* **Brief**
Taking the entries below, transcribe only the lines starting with the one with "This summer, affected" and going on through the one with "La policía Nacional", exactly as written, without the pictures.

* **Entries supplied**
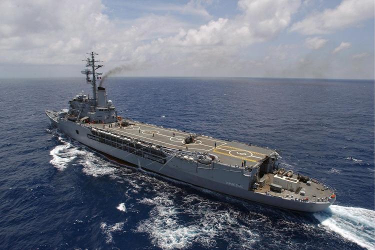 Het Franse helikoptervliegdekschip Jeanne D'Arc, vrijdag in actie tijdens de vrijlating van de gijzelaars.
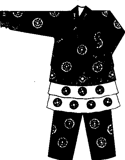 又称“英雄衣”、“豹衣豹裤”。多为短打武生扮演英雄义士、草寇时穿用。大领大襟、束袖,下衣边有打褶白绸2层,称为“走水”。裤袄同色,缎制,上绣小团花等纹样。
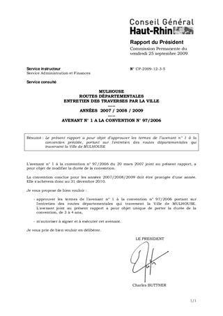 MULHOUSE ROUTES DÉPARTEMENTALES ENTRETIEN DES TRAVERSES PAR LA VILLE ----- ANNÉES 2007 / 2008 / 2009 ----- AVENANT N° 1 A LA CONVENTION N° 97/2006
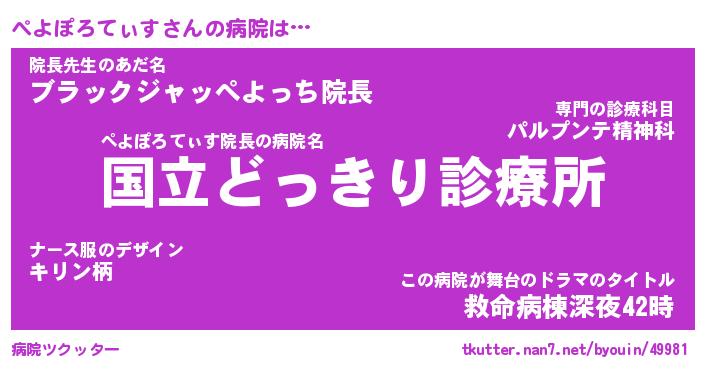 | 伝説のあだ名 | 『伝説のスナイパーぺよぽろてぃす』 |
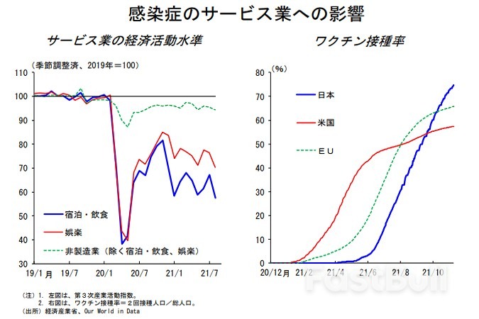 This summer, affected by a dramatic increase in the number of infections dute to the spread of the highly contagious Delta variant, the public vigilance against COVID-19 heightened. As a result, food, drink and accommodation services became subdued by about 40 percent below the pre-pandemic level. Japan's vaccination rates now have steadily risen to more than 70 percent, exceeding the levels in Europe and the United States. As a marked decrease in the number of confirmed cases, restrictions on various activities have been gradually eased since last month.
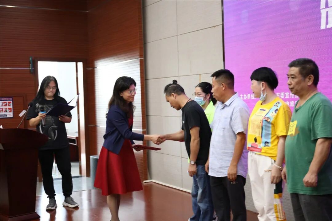 深圳市文化广电旅游体育局公共文化处副处长张少燕同志为获奖者颁奖
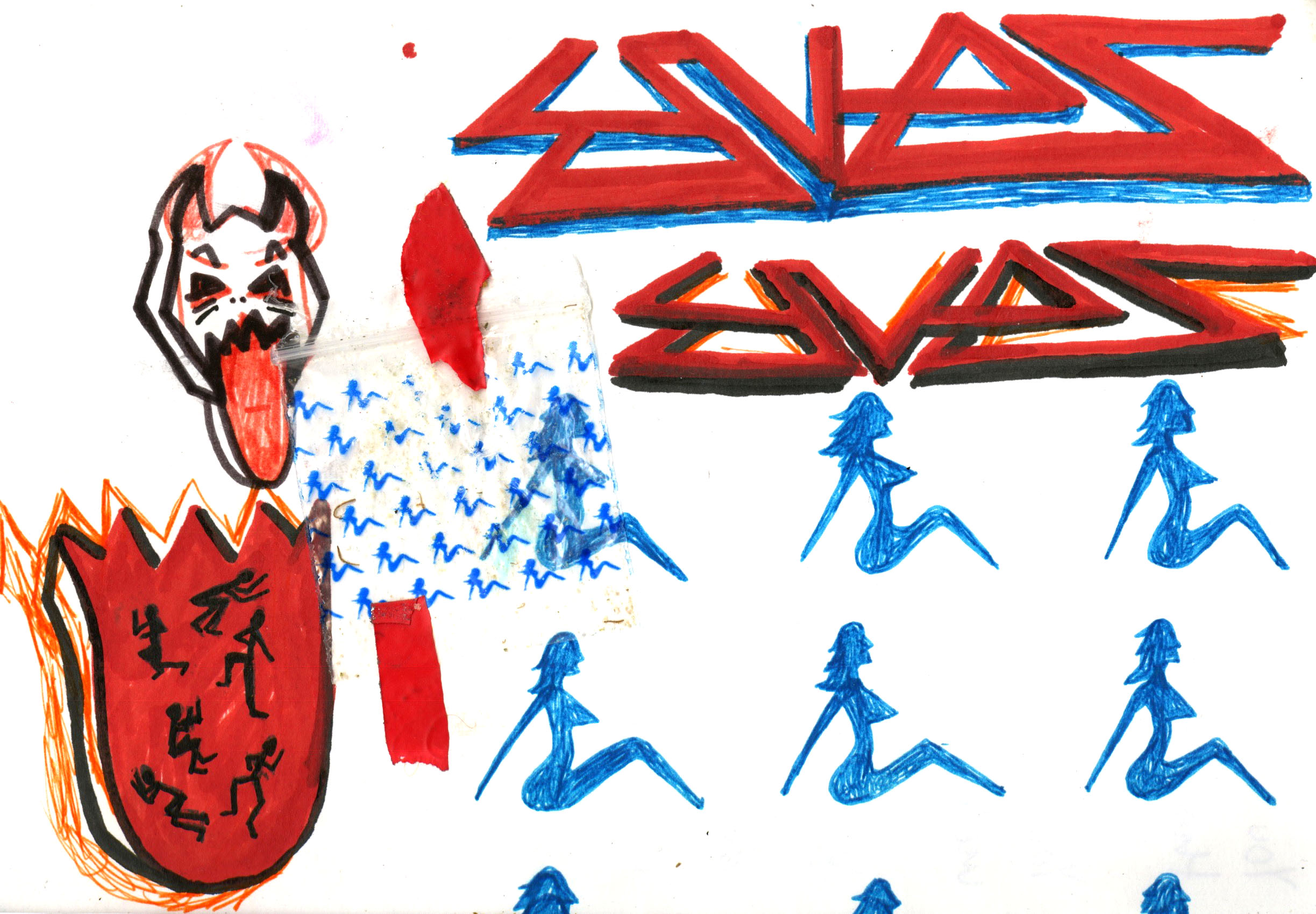 To give the poster a more dangerous and agressive attitude, I decided that the pill would be in the form of a devil. I also found a drug bag with a blue printed pattern of women which I found really interesting and wanted to recreate
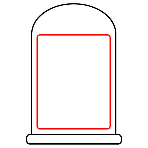 Nakreslete svislý obdélník, který je uvnitř mírně zaoblený.
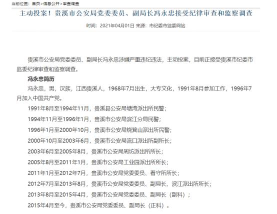 (图说:鹰潭市纪委监委网站对冯永忠主动投案的通报)
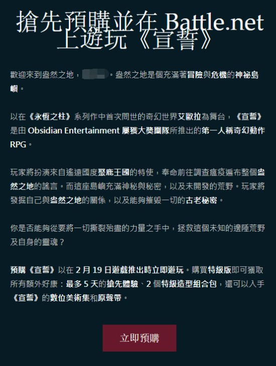今日,Xbox大作《宣誓》正式宣布开放预售,并于明年2月18日正式上线,售价70美元。值得注意的是,本作目前也登陆了战网平台,而这意味着——玩家可以使用《魔兽世界》金币购买本作。
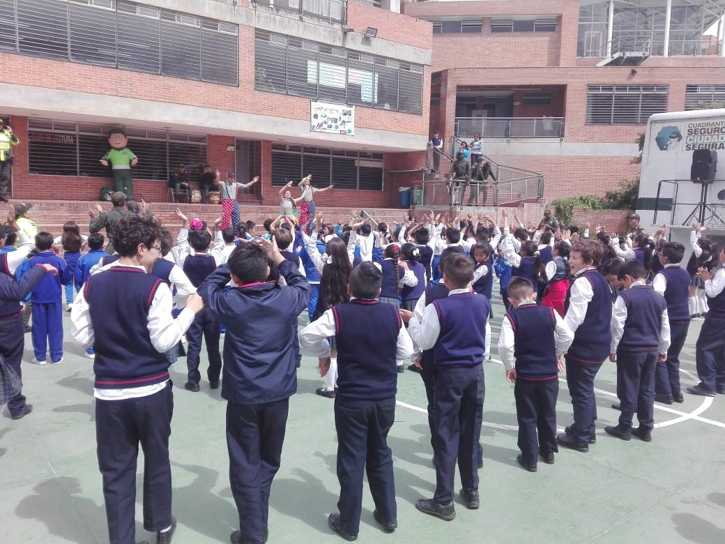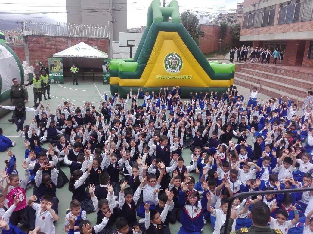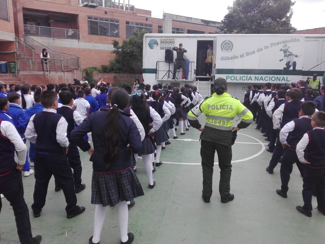 La policía Nacional por medio del Grupo de Vínculos y Relaciones estratégicas de la Oficina de Comunicaciones Estratégicas COEST de la Dirección General llevó su parque móvil y su grupo de recreación, previa coordinación con el grupo de prevención del COSEC 2 y el personal del grupo de prevención de la dirección de protección y servicios especiales y prevención seccional de transito de la Metropolitana de Bogotá, llegamos a este sector de la localidad de Ciudad Bolívar, donde realizamos la clausura del programa escolarizado en prevención de drogas y la violencia de la feria ciudadana.
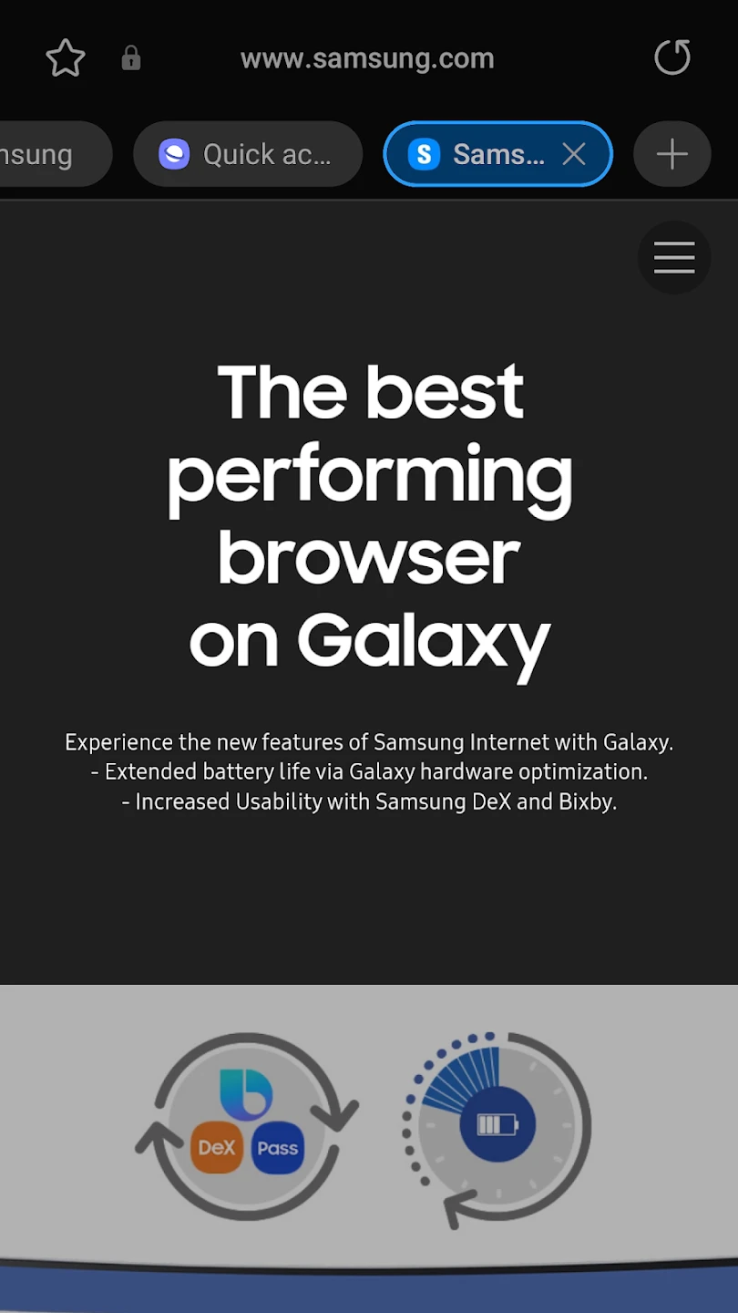 The Samsung Internet Browser is a mobile web browser designed exclusively for Samsung Galaxy devices, offering an optimized web surfing experience directly from your smartphone or tablet. It leverages the power of Samsung DeX to seamlessly transform browsing sessions into desktop-like experiences, and provides robust privacy features like Smart Protection+. This browser is crafted specifically for Samsung users seeking enhanced performance and integrated functionalities on their devices.

* **Answer area**
 This summer, affected by a dramatic increase in the number of infections dute to the spread of the highly contagious Delta variant, the public vigilance against COVID-19 heightened. As a result, food, drink and accommodation services became subdued by about 40 percent below the pre-pandemic level. Japan's vaccination rates now have steadily risen to more than 70 percent, exceeding the levels in Europe and the United States. As a marked decrease in the number of confirmed cases, restrictions on various activities have been gradually eased since last month.
 深圳市文化广电旅游体育局公共文化处副处长张少燕同志为获奖者颁奖
 To give the poster a more dangerous and agressive attitude, I decided that the pill would be in the form of a devil. I also found a drug bag with a blue printed pattern of women which I found really interesting and wanted to recreate
 Nakreslete svislý obdélník, který je uvnitř mírně zaoblený.
 (图说:鹰潭市纪委监委网站对冯永忠主动投案的通报)
今日,Xbox大作《宣誓》正式宣布开放预售,并于明年2月18日正式上线,售价70美元。值得注意的是,本作目前也登陆了战网平台,而这意味着——玩家可以使用《魔兽世界》金币购买本作。
 La policía Nacional por medio del Grupo de Vínculos y Relaciones estratégicas de la Oficina de Comunicaciones Estratégicas COEST de la Dirección General llevó su parque móvil y su grupo de recreación, previa coordinación con el grupo de prevención del COSEC 2 y el personal del grupo de prevención de la dirección de protección y servicios especiales y prevención seccional de transito de la Metropolitana de Bogotá, llegamos a este sector de la localidad de Ciudad Bolívar, donde realizamos la clausura del programa escolarizado en prevención de drogas y la violencia de la feria ciudadana.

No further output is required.